Не то чтобы Гонзо не мог поступить туда, где надо работать головой. Он более чем способен. Просто для этого потребовалось бы больше усилий, чем ему хотелось или когда-либо нужно было прикладывать. Спорт куда проще химии и географии – двух предметов, которые ему нравятся и при желании отлично даются, – вот он и выбрал спорт. Я почему-то упустил из виду, какие вопросы должен задавать. И теперь, к собственному удивлению, иду в кабинет директрисы.

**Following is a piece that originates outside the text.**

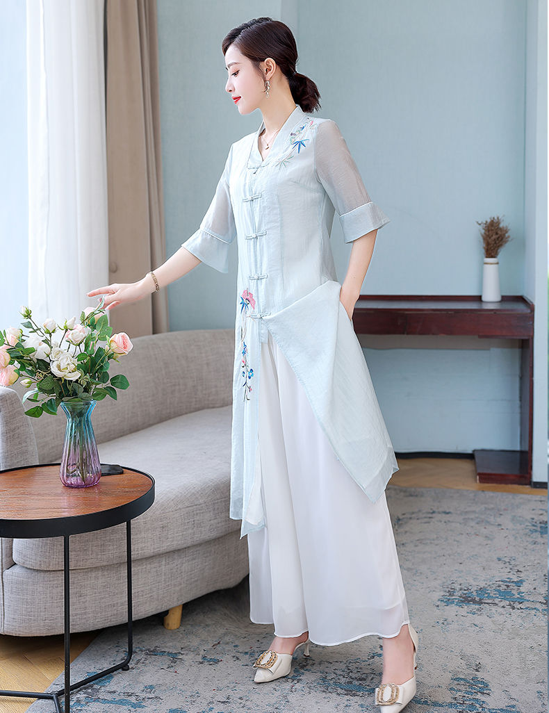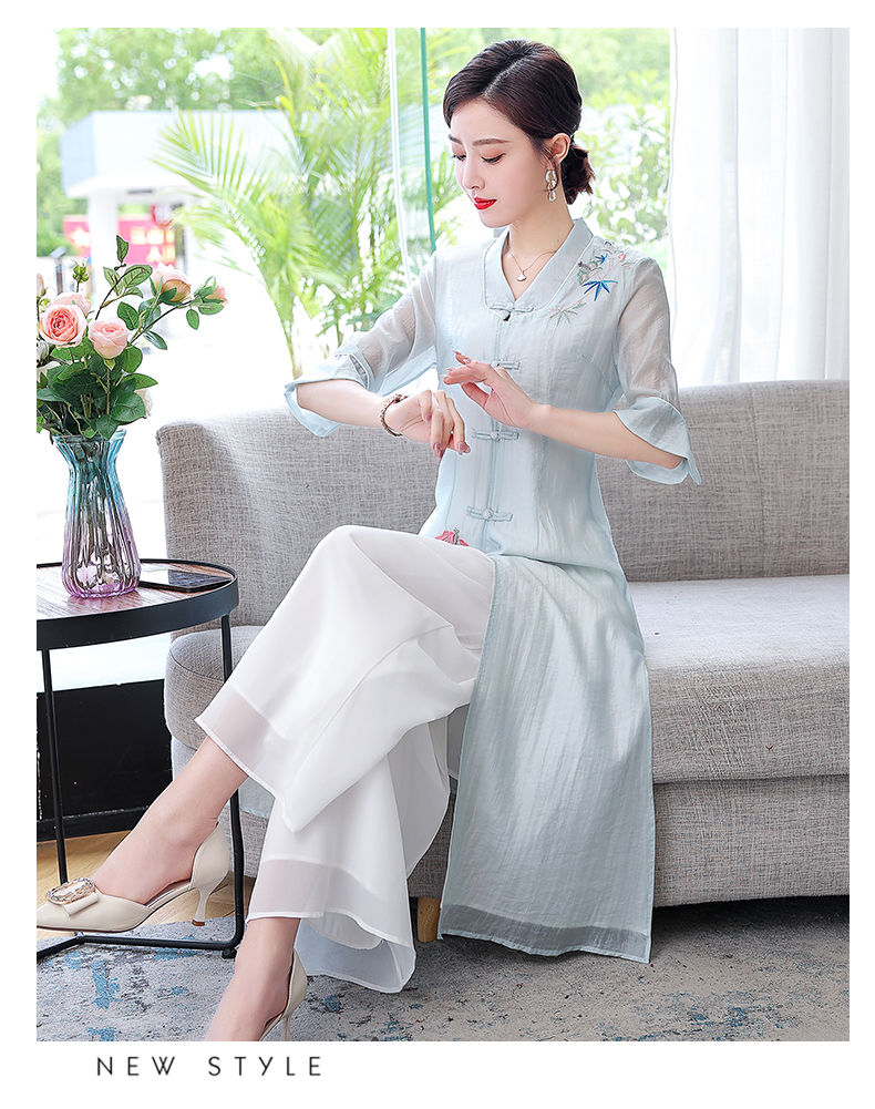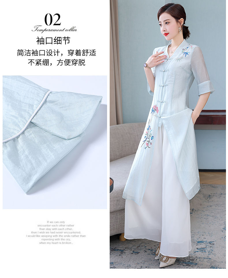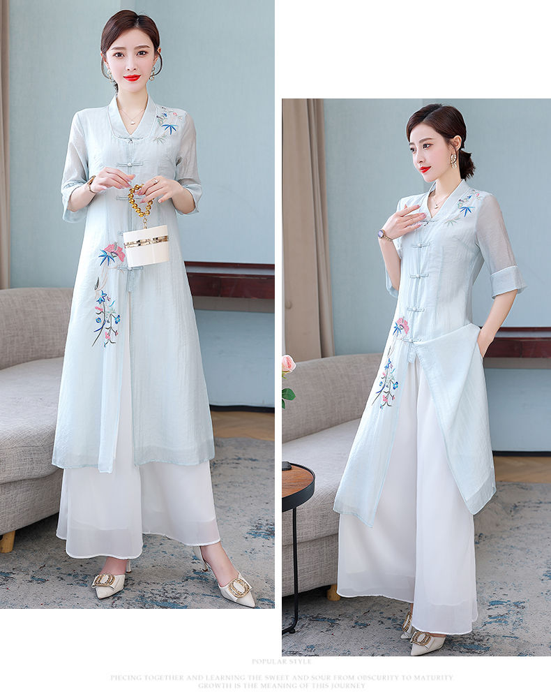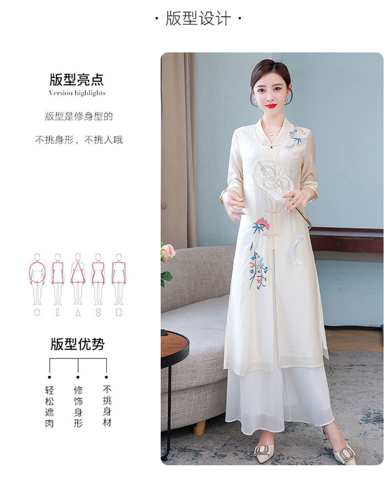 XH21C0828 2022夏季新品中国风复古文艺刺绣连衣裙复古盘扣气质连衣长裙薄款

Прежде всего меня поражает, какой этот кабинет малюсенький и как мала сама Евангелистка. Через все ее аккуратные, пронумерованные, расставленные по алфавиту и категориям владения, через ручки, разложенные по цветам, и рулончики с клейкими звездами для отличных работ и черно-желтыми кружками «ТОКСИЧНО» для самых плохих я гляжу на непримиримую врагиню эволюции, заправляющую школой. Вдруг мне приходит в голову, что она очень похожа на макаку, но это столь пагубная (во многих отношениях) мысль, что я тут же ее отметаю и желаю Евангелистке доброго утра. Она сухо улыбается.

– Я хочу поступить в университет, – выдавливаю я, потому что ужасную правду Евангелистке лучше открывать как можно скорее, пока она не успела изойти едким остроумием. – Элизабет посоветовала обратиться к вам. Мы вместе учимся у мастера У. – Я не желал, чтобы Евангелистка подумала (тем более сейчас), что я путаюсь – физически, хотя контакт, необходимый для броска на пол и болевого захвата ноги, тоже можно назвать физическим, а учитывая близость переплетенных тел, которая внезапно обретает для меня сексуальный характер, я прямо-таки потрясен, что ни разу не покраснел или что мое тело не отреагировало на эту близость иным, менее двусмысленным образом, – с ее любимой (и заброшенной) дочерью.

Евангелистка отвечает не сразу. Вместо этого она откидывается на спинку стула и сцепляет руки колокольней. Поджимает губы, касается их указательными пальцами и закрывает глаза. Глубоко вздыхает, несомненно вознося молитву своему мстительному, капризному, деспотичному, суровому божеству. Затем бросает на меня хмурый взгляд исподлобья, достает из стола пачку сигарет («канцерогенных, нечестивых, обагренных кровью рабов и замаранных жижей порока и блуда») и одной рукой подкуривает ее от упитанной «Зиппо». Лихо засунув папиросу в уголок рта, Евангелистка делает глубокую затяжку.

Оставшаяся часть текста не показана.